Padilha e Gomide (2004) analisaram o comportamento típico de vítimas de abuso sexual de não revelarem o abuso sofrido e as hipóteses para a manutenção do segredo. A primeira refere-se à possibilidade de punição por contar, pois a vítima pode carregar uma história de punições por tentar revelar, particularmente para a própria mãe. A segunda hipótese serve-se do conceito da Etologia segundo o qual o incesto é antinatural (Eibl-Eibesfeldt, 1977) e não uma relação prazerosa, o que leva a criança a ter um sentimento de aversão para com o ato abusivo, embora muitas vezes não discrimine a origem de tal sentimento. O agressor deflagra na vítima um afeto ambíguo de prazer e desprazer, com sentimentos de amor e raiva - amor em função da relação que mantém com o agressor e raiva por sentir que alguma coisa está errada, ou mesmo por ter recebido do agressor a mensagem de que o abuso é socialmente inaceitável. Isso faz com que a vítima cale-se por acreditar que seu comportamento é reprovável.

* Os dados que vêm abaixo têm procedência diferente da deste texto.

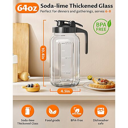 64-Oz VA1KENE Wide Mouth Glass Mason Jar Pitcher w/ Pour Spout Handle Lid (Black) $10.19 + Free Shipping w/ Prime or on $35+
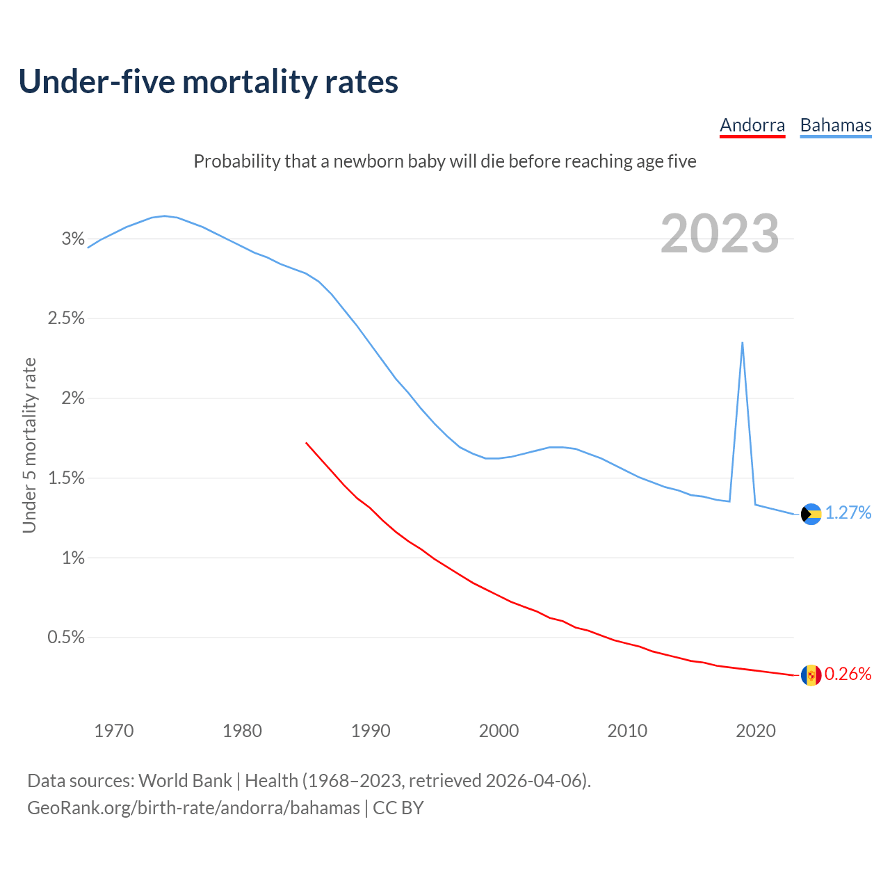 The chance that a newborn baby will die before reaching age five is 0.26% in Andorra and 1.27% in the Bahamas. Above is a chart with historical data on under-five mortality rates.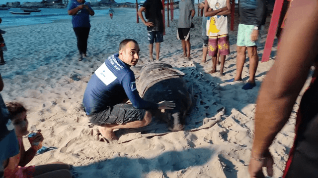 O peixe-boi foi avistado por moradores por volta das 7 horas. Já por volta das 15 horas, o animal foi visto novamente e as ONGs Aquasis, Comissão Ilha Ativa e o Instituto Chico Mendes da Biodiversidade (ICMBio) foram até a praia para realizar o resgate.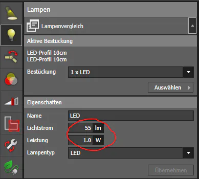 I can already adjust the luminous flux and power of a luminaire perfectly in DIALUX.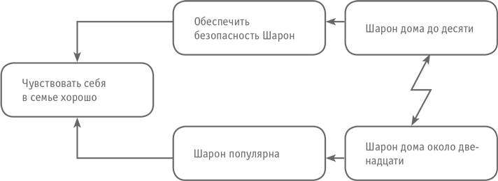 Инструкций я не нахожу, да они и не нужны: я и так помню. Беру бумагу и ручку и начинаю строить диаграмму разрешения конфликтов «грозовая туча». Первый вопрос: чего хочу я? В правом верхнем углу пишу «Шарон дома до десяти». Внизу под этим записываю ответ на вопрос «Чего хочет Шарон?» – «Шарон дома около двенадцати». Ни за что!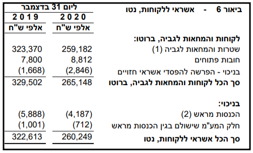בביאור 6 בדוחות שנת 2020 ניתן גילוי ליתרת "הפרשה להפסדי אשראי חזויים": 2,846 ו-1,668 אלפי ש"ח ליום 31.12.2020 ו-31.12.2019, בהתאמה (ראו ת' 9 למטה).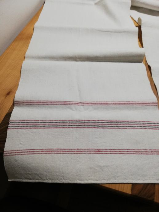 Prodaje se starinski laneni nadstolnjak /domaće tkanje, neupotrebljavan/ s uzorkom dimenzija: širina 43 cm, dužina 3,40 m
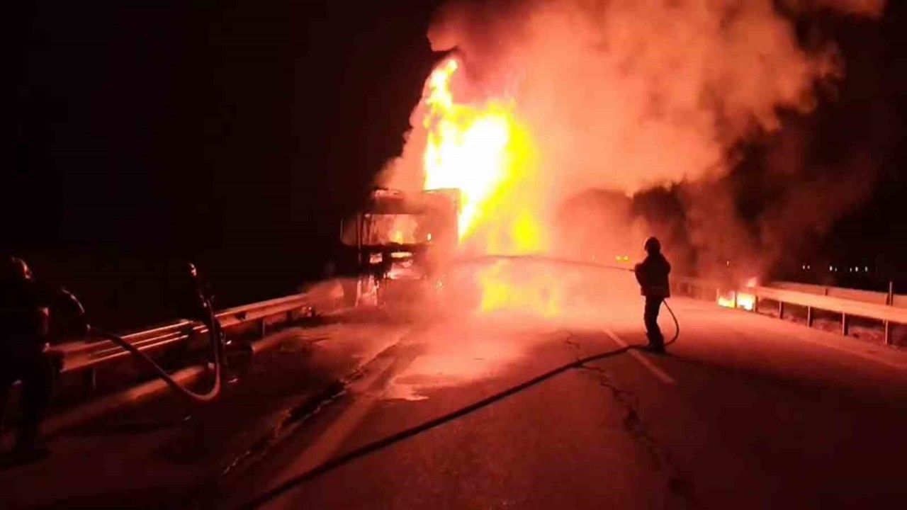 Hatay’da seyir halindeyken alevlere teslim olan tır yanarak kullanılmaz hale geldi.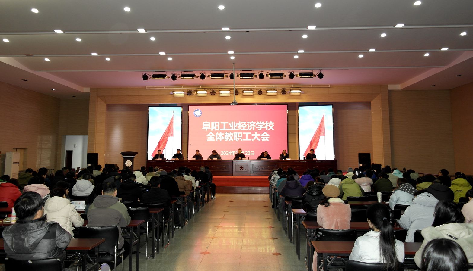 12月20日,阜阳工业经济学校召开全校教职工大会,全体教职员工参加会议。会议由校党委副书记、校长孙杰主持。
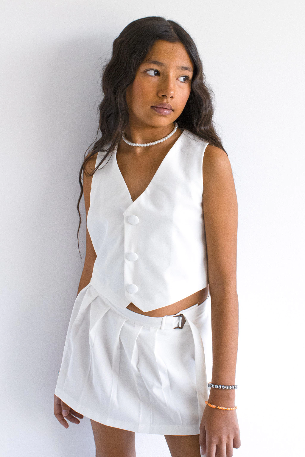 Pollera sastrera tableada irregular con detalle de hebilla para ajustar a medida.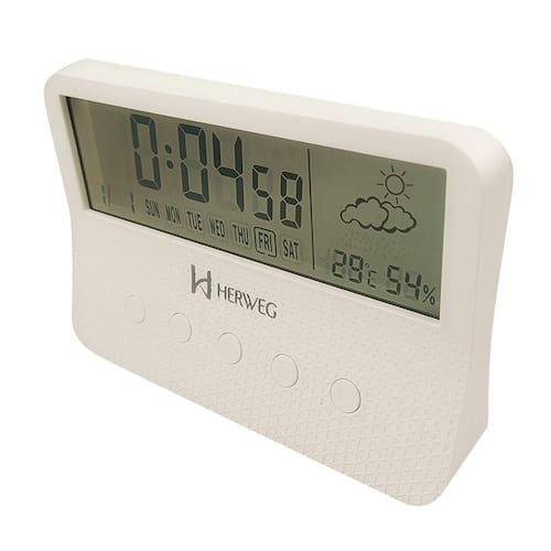 Despertador Digital Importado Branco Herweg 2986 único Despertador Digital Importado Branco Herweg 2986 único - Características Gerais do Produto: - Acabamento / funcionalidades: Preto - Alimentação: Usa pilha palito AAA ( não inclusa) - Características técnicas: Alarme sonoro; Visualização em 12h ou 24h; Função Termômetro (C / F); Calendário; Higrômetro; Miniestação meteorológico; Timer - Material: Plástico injetado; Visor de Acrílico - Medidas: A: 8,5 x L: 13,0 x P: 3,0cm - Observações: Botões de regulagem na parte frontal - Modelo referência do produto: 2986-021 Acompanha o produto: - 01 Relógio - Eletrônica - Garantia de 12 meses do Fabricante - Embalagem - Manual de Instruções Garantia: - 12 Meses de Garantia de Fábrica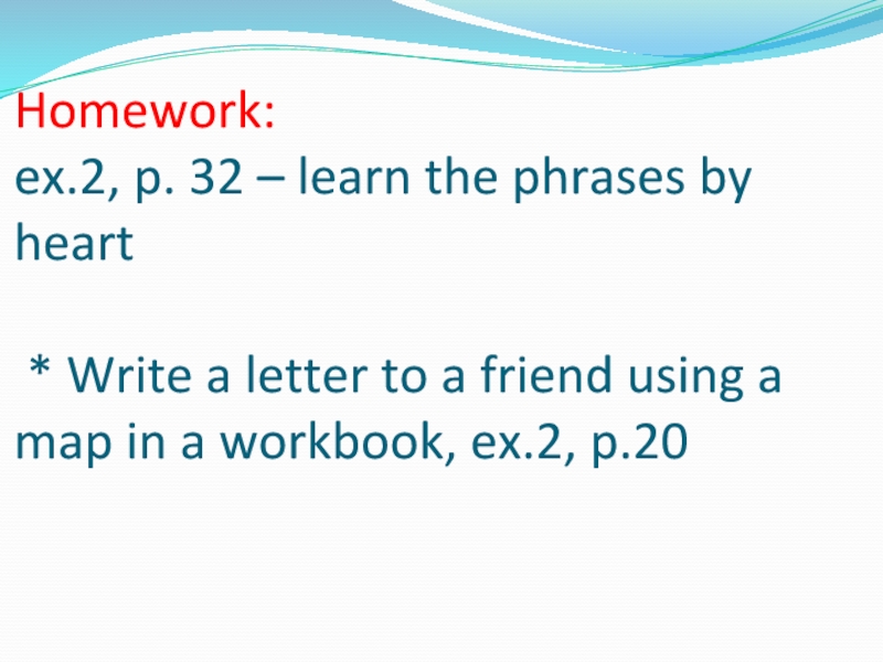 Homework:  ex.2, p. 32 – learn the phrases by heart   * Write a letter

Pistorello, Follette e Hayes (2000) descreveram como o sentimento de ser culpada pelo abuso se desenvolve a partir da formação de uma regra. Uma seqüência de

conclusões "lógicas" ilustra como isso ocorre: a criança está sendo machucada por um adulto em quem confia, por exemplo, o pai, o que quer dizer que ou ela é má ou o adulto é mau; a sociedade ensina que os pais sempre estão certos e só machucam os filhos se estes agiram de forma errada, devendo portanto ser punidos; a criança conclui que está sendo punida porque é má e que é sua culpa se algo errado aconteceu - no caso, o abuso. A regra formada é "se uma coisa errada acontece é por minha culpa".

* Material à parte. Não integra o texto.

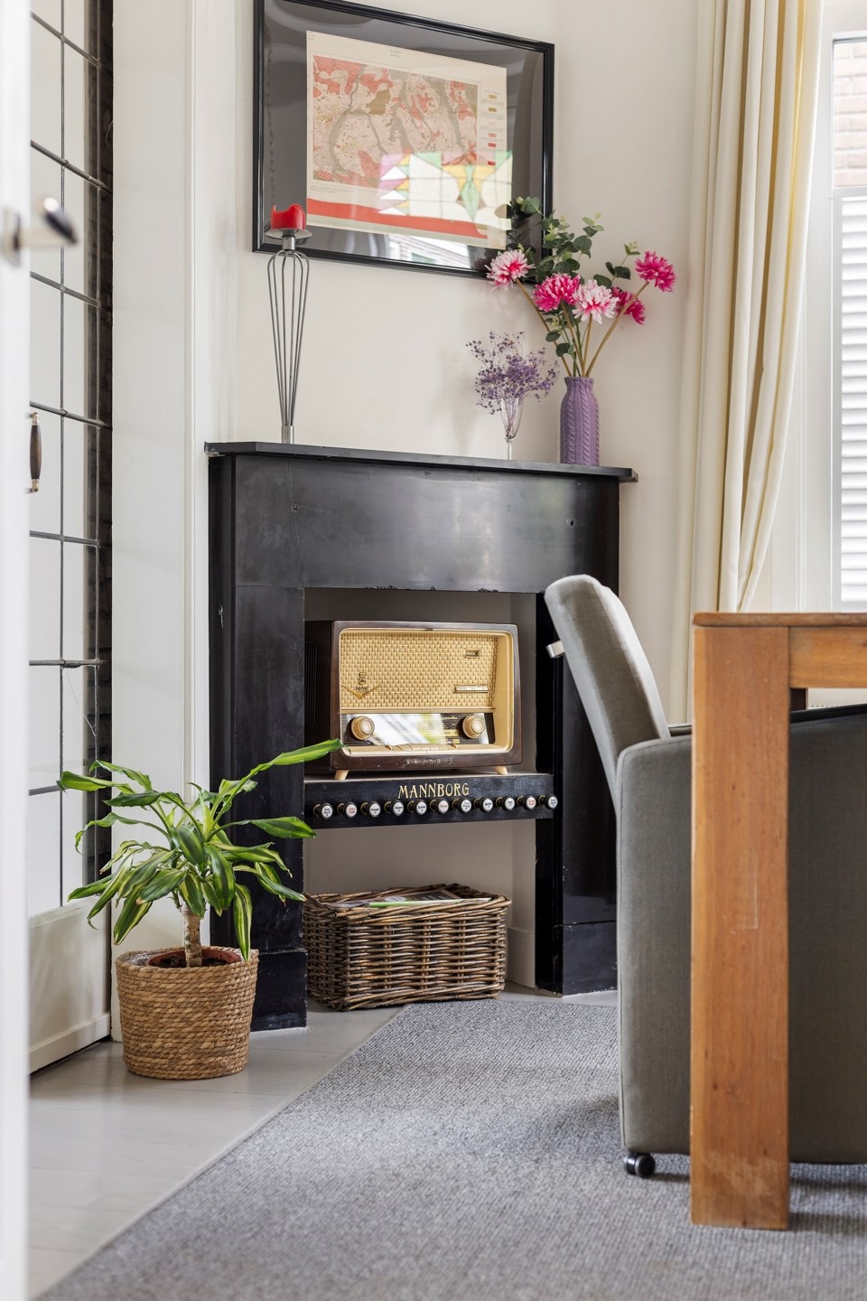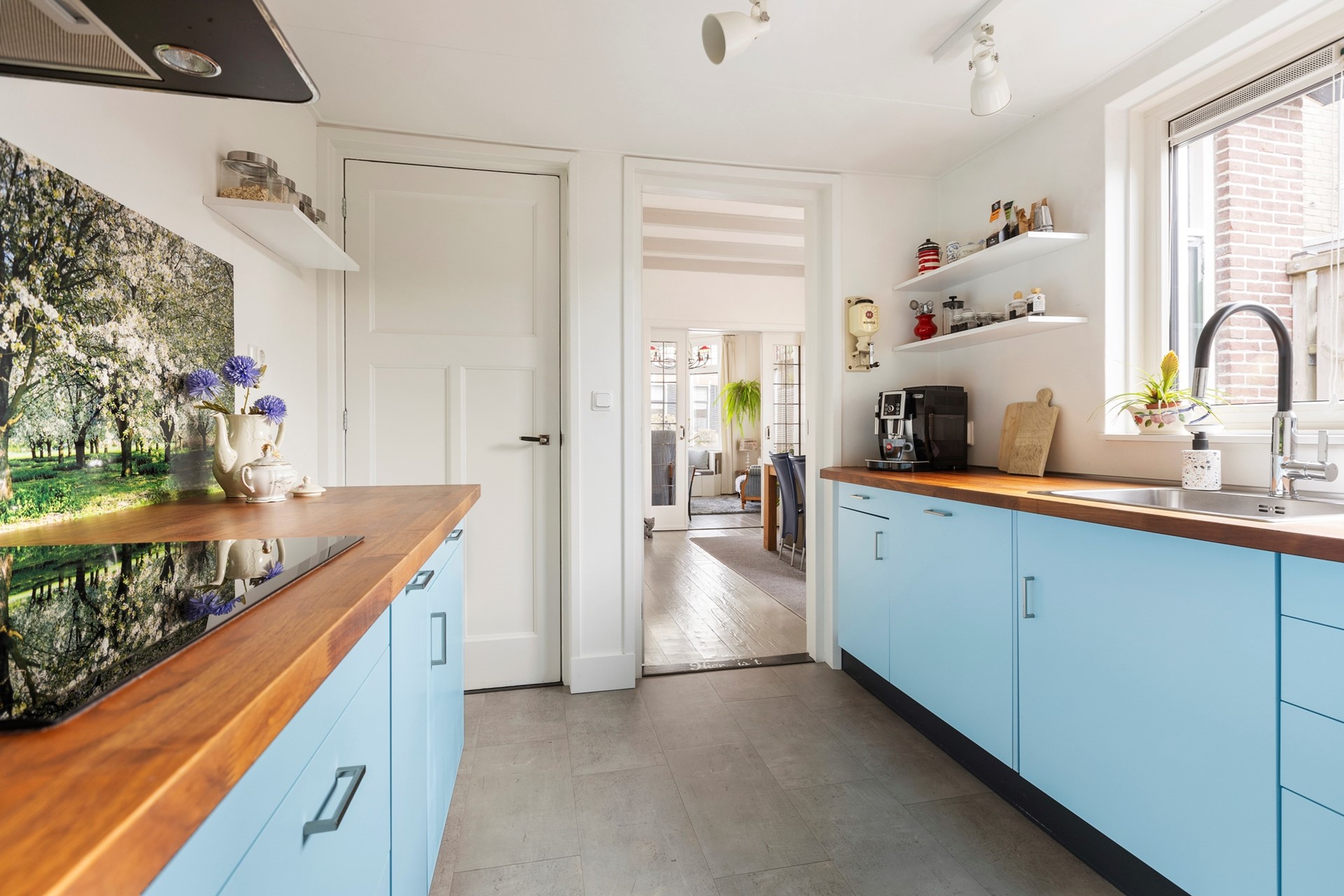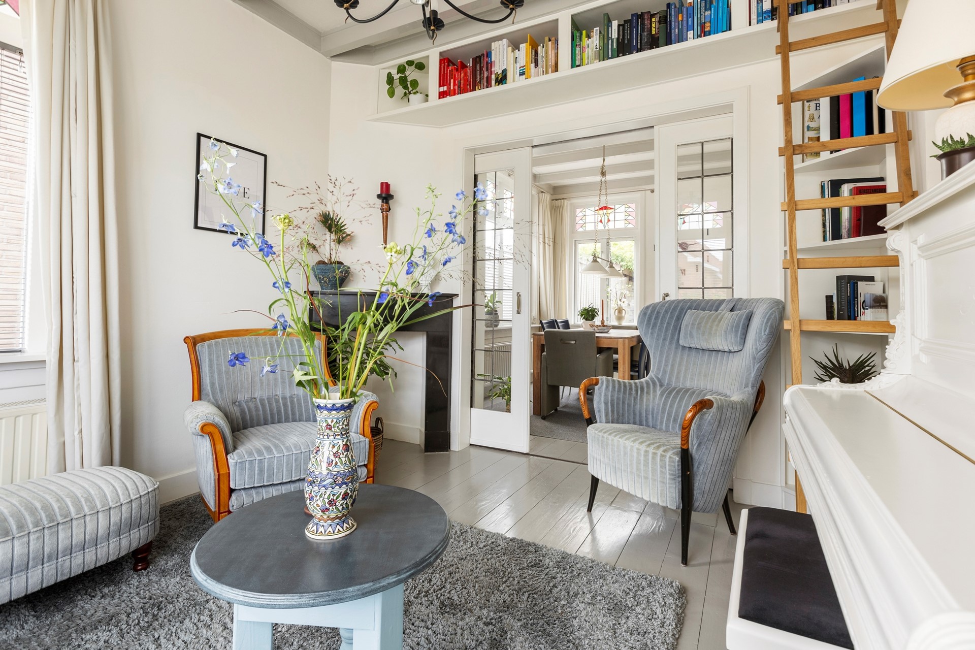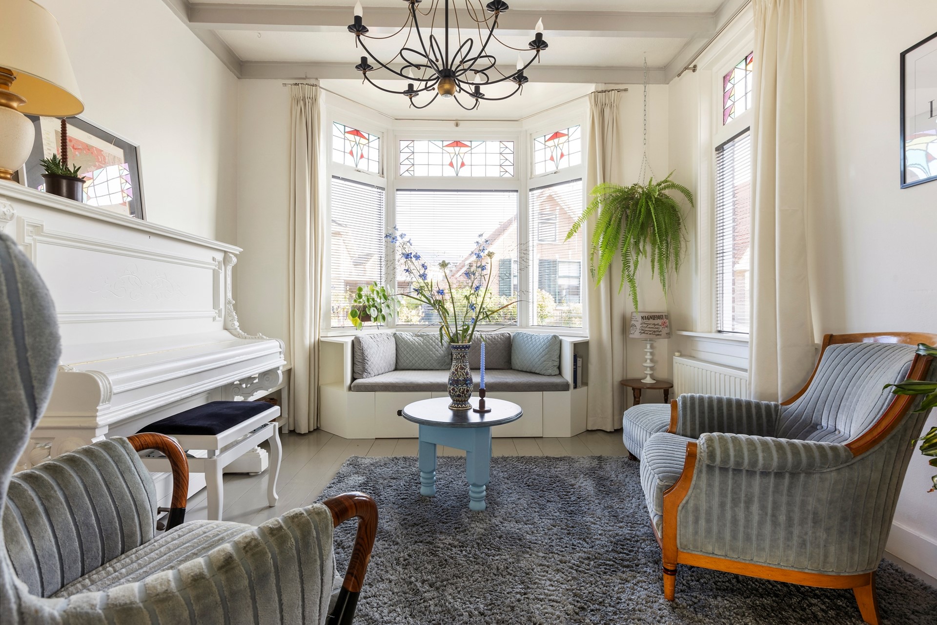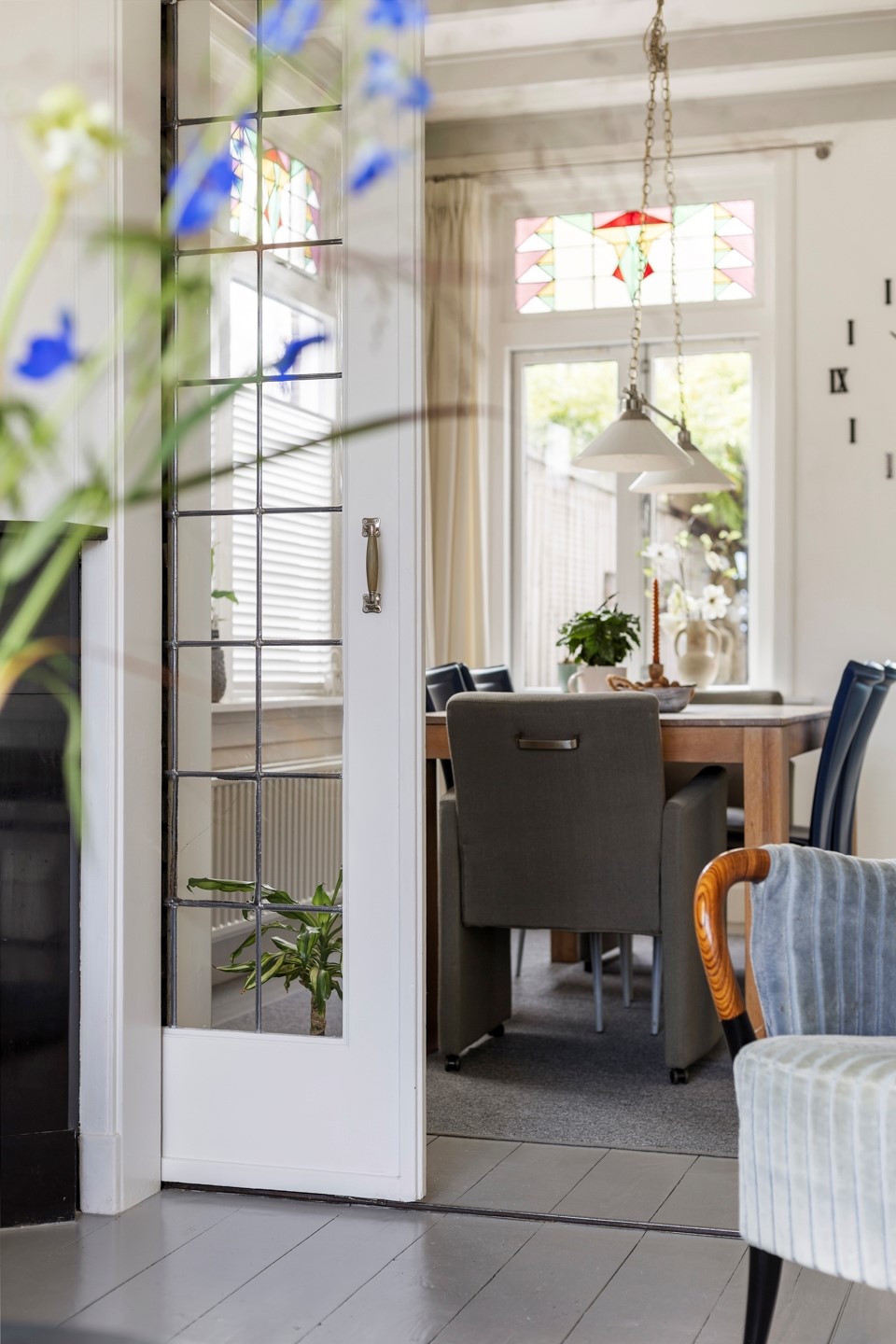 Via de voordeur kom je in de hal met toegang tot de sfeervolle woon- en eetkamer van circa 26 m² met houten vloer. Deze mooie ruimte is verdeeld door authentieke en-suite deuren waardoor de ruimtes van elkaar af te sluiten zijn. Er zijn nog veel meer sfeervolle jaren '30-elementen te vinden in het woongedeelte zoals de erker, het kleurrijke glas in lood en de schouwen. Vanuit de eetkamer loop je door naar de keuken van circa 9 m² met houten werkblad en voorzien van inbouwapparatuur zoals een inductiekookplaat en een vaatwasser. Ook is hier een handige kelderkast te vinden. Aansluitend bevinden zich een hal met de moderne en nette badkamer (2023) en het aparte toilet (2023). De badkamer is voorzien van een ligbad met douche, wastafelmeubel, designradiator en wasmachineaansluiting. Via deze hal is er toegang tot de tuin.

Para Tobin e Kessner (2002), os agressores freqüentemente alegam que as crianças são sexualmente provocativas. Porém, crianças não "convidam" para o abuso. A curiosidade e a excitação, sobre seu corpo ou de outras pessoas, não significam que estão procurando sexo com adultos, mas que estão em busca de atenção, afeto e aceitação e pedindo aos adultos que coloquem limites seguros dentro dos quais possam satisfazer estas necessidades. Os agressores também alegam que a criança está mentindo ao revelar um abuso. Segundo as autoras acima, crianças raramente mentem sobre abuso sexual; quando muito, tendem a omitir informação ou minimizá-la. Crianças mentem para se verem livres dos problemas, não para entrar neles.

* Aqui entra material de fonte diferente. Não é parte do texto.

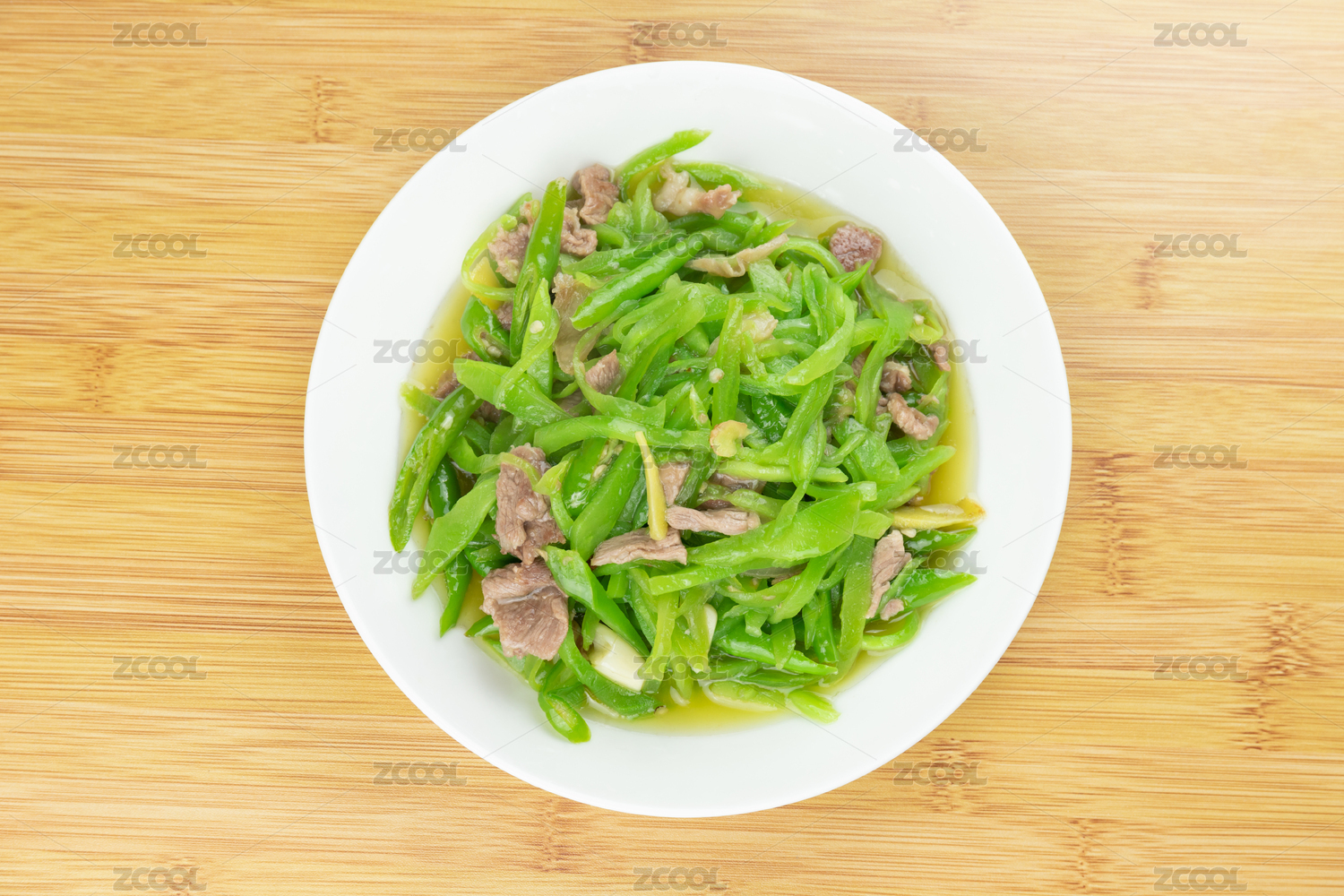白盘里的炝炒莴笋炒肉丝

Revelações tardias também podem ocorrer. Muitas vezes a criança não revela de imediato, e pode até esquecer temporariamente a experiência, particularmente quando foi usada a força física durante o abuso. As vítimas freqüentemente têm lapsos de memória que interferem com o processamento precoce da experiência de abuso (Fieldman e Crespi, 2002). A revelação feita pela própria criança é muitas vezes a única evidência de que o abuso ocorreu e é um componente crítico do seu tratamento. Ao lembrar de uma experiência de abuso, a vítima pode até duvidar de si mesma, pois o crédito dado ao relato de agressores ainda é maior do que aquele dado às vítimas.